Штокмар пользовался доверием не только Альберта, но и королевы. Она привыкла к нему еще с тех пор, когда дядя Леопольд жил в Англии; он стал нравиться ей чуть ли не по настоянию Леопольда, а в те дни она безоговорочно
И вот Штокмар сказал Альберту, что баронесса должна наконец покинуть двор, и его, Альберта, задача — довести это неприятное дело до конца.
Но Альберт, можно сказать, жаждавший удаления баронессы, никак не мог решиться. Капризный характер королевы, нелюбовь к сценам, наконец, страх, что он не справится, — все это вызывало у него колебания, мешавшие приступить к действиям.
Крестины принца Уэльсского должны состояться 25 января.
Вскоре после Нового года королева с семьей вернулась в Букингемский дворец. Той бьющей через край радости, которой она была охвачена на Рождество, Виктория уже не чувствовала, ее настроение слишком часто менялось.
— Послеродовой период, — заключила Лецен. — С женщинами это частенько бывает.
Лецен и сама заболела. Доктор определил, что у нее гепатит; она вся пожелтела и стала еще менее привлекательной. Киска теряла вес и часто плакала: она ревновала к братику и безумно вопила всякий раз, когда его брали при ней на руки.
Альберт решил, что несколько дней в Клермонте, вдали от всей домашней суеты, пойдут Виктории на пользу, и заявил, что поедут они туда только вдвоем. К его удивлению, Виктория согласилась, и они провели там несколько счастливых дней. Виктория призналась, что получила огромное удовольствие; она наконец избавилась от своих глупых фантазий: в этом доме, ожидая рождения Киски, она всерьез считала, что может умереть. Да, это была нездоровая глупая фантазия, но все уже позади, а у нее есть Киска и Парень.
Однако ее встревожила мысль о Киске, которую Виктория уже начинала любить. Ребенок становился восхитительной игрушкой, на девоньку было приятно смотреть, а в беленьком из мериносовой шерсти платьице, отороченном голубым (подарок герцогини Кентской, за которой нужен глаз да глаз, потому что своей любовью она портитребенка), и кружевной шапочке она и впрямь была сама прелесть, — особенно когда лопотала, что, по мнению Лецен, казалось просто удивительным для ее возраста. Альберт называл ее не Киской, а Вики — чтобы отличить от главной Виктории, ее матери.
И вот теперь, находясь в Клермонте, Виктория вдруг захотела вернуться, чтобы посмотреть, как там ее Киска.
День выдался очень холодный; они поспешили подняться наверх в детскую и с тревогой узнали, что здоровье Киски за время их отсутствия нисколько не улучшилось.

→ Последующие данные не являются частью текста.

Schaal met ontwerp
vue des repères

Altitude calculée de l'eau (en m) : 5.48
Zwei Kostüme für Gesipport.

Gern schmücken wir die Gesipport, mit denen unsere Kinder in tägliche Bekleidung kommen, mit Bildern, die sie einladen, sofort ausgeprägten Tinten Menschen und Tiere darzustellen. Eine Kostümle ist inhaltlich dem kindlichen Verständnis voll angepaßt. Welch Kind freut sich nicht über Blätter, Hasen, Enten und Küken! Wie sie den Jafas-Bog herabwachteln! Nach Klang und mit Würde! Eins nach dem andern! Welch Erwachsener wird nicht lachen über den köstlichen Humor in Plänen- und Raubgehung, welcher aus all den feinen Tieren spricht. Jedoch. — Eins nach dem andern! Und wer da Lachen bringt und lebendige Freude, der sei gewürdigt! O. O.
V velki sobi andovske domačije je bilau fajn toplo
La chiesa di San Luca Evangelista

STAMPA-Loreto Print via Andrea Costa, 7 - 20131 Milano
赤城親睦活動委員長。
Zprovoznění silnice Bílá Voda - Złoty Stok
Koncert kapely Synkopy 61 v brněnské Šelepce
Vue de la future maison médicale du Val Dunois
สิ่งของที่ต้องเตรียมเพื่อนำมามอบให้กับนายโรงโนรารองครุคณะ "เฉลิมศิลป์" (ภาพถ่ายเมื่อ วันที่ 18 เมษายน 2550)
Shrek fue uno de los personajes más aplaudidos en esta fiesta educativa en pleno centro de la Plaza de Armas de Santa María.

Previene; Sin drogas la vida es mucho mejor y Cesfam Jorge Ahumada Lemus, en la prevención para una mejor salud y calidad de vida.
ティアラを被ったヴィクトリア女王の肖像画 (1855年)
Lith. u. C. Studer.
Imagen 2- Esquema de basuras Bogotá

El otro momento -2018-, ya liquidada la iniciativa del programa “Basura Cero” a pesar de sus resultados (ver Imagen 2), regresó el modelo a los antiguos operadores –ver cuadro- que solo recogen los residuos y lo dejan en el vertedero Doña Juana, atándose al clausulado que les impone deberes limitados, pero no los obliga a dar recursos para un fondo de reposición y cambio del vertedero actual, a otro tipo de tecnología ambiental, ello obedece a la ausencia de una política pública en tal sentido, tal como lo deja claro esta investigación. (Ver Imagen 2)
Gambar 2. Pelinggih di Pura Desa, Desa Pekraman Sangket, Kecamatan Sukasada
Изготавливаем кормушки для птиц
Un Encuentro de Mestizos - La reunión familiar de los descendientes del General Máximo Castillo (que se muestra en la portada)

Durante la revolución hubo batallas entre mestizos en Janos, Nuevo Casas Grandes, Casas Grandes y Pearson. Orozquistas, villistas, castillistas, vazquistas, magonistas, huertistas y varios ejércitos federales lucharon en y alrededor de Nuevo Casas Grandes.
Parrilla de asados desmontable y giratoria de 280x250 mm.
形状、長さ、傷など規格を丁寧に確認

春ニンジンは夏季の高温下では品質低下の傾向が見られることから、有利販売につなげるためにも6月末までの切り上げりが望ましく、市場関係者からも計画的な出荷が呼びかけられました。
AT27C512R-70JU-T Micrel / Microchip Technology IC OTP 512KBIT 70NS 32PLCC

Альберт подхватил ребенка на руки и в ужасе воскликнул:
— Клянусь, она похудела еще больше.
Обернувшись, он увидел устремленный на него злобный взгляд баронессы. Ненавистное вторжение придавало ее желтому лицу зловещий характер.
— Ребенка морят голодом, — возмущенно продолжал Альберт.
Одна из нянь, которой баронесса дала понять, что с принцем здесь не церемонятся, ответила чуть ли не грубо:
— Мы следуем указаниям доктора, Ваше Высочество.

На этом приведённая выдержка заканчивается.